Competition and Pricing Behavior in Long-Term Care Markets: Evidence from the Market for Assistance in Daily Housekeeping Activities
Discussant: Hyunjee Kim
Our identification strategy relies on the exogenous variation in the market shares in the first month after decentralization. This period can be seen as a mere transition phase, as existing users retained the right to receive ADHA from the very same provider as before the decentralization. Market shares in January ’07 are thus exogenous to any market developments in the years thereafter. Moreover, the January ’07 market share is a strong instrument as it turns out to be substantially correlated with market shares in later years, despite the relatively high entry rates during this period.
Focusing on the most common form of ADHA (‘basic ADHA’), we obtain that a provider’s market share has a positive and significant effect on the price received. The average market leader in a municipality – possessing a 65 percent market share – secures a price that is 2.1 percent above the price of an atomistic provider. Translating this result to the overall market level tells us that the average price on the market decreases by 0.5 percent as the market becomes 10 percent less concentrated. When viewed in light of other studies on market power in care markets, this effect is considered small to moderate.

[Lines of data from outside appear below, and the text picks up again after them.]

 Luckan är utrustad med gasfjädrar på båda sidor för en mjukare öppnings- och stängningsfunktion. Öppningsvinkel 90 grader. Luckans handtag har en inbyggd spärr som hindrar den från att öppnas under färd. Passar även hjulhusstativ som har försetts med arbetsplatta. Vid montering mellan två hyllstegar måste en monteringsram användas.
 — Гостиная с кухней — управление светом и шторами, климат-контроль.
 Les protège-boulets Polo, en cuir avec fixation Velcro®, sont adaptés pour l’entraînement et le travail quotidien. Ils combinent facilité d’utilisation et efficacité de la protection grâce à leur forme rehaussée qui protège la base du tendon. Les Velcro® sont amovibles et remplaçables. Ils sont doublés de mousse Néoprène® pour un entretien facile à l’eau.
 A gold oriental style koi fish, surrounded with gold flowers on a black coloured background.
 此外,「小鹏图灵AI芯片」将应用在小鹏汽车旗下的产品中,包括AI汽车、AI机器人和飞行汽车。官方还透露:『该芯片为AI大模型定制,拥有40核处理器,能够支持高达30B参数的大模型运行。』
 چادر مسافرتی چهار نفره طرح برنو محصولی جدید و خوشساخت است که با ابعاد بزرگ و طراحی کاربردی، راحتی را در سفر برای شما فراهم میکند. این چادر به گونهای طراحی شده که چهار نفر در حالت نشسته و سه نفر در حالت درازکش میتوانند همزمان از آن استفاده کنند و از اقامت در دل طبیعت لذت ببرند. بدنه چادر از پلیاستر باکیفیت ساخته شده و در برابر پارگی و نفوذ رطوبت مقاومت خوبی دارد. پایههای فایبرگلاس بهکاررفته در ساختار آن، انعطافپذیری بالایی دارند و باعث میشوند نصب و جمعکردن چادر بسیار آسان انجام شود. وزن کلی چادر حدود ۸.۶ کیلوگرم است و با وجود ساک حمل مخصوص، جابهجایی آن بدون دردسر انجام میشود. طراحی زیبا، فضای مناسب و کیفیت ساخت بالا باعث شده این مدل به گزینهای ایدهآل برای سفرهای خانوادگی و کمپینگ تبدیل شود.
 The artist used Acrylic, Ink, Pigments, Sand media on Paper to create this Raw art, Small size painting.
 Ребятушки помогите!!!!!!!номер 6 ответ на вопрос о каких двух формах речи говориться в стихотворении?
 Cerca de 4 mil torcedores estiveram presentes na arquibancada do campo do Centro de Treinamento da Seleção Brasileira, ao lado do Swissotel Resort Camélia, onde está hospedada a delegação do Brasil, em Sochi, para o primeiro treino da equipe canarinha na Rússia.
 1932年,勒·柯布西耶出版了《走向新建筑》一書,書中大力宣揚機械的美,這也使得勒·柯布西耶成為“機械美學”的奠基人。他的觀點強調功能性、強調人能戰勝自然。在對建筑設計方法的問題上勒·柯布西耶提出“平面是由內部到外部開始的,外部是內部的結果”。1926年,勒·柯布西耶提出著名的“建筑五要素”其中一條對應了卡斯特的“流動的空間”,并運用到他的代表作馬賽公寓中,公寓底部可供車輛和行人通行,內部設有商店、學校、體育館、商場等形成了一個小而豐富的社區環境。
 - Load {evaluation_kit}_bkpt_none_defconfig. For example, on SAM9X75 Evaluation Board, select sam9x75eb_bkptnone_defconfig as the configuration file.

Our study thus shows that high degrees of market concentration do not hinder competitive pressures on suppliers’ pricing behavior per se. A plausible explanation for this outcome is that incumbents face a serious threat of entry by newcomers, an idea that is backed by the observation that new providers enter relatively easy into the local markets. This also indicates that in order to stimulate competition on health care and long-term markets, lowering entry barriers might be more important than bringing the level of market concentration below some threshold value.
Zooming in on our main outcome, we show that the small but significant effect of market size on price is merely driven by the pricing behavior of for-profit providers: while for this type of provider the average market leader receives a prices that exceeds the price of an atomistic supplier by 2.7 percent, there is no systematic relation between size and price for non-profit organizations. From this, we cannot conclude that the entry of for-profit suppliers has led to higher prices, as for-profits may be more efficient than non-profits. Still, the result indicates that the extent to which market concentration influences price formation may very well depend on the ownership composition at the supply side.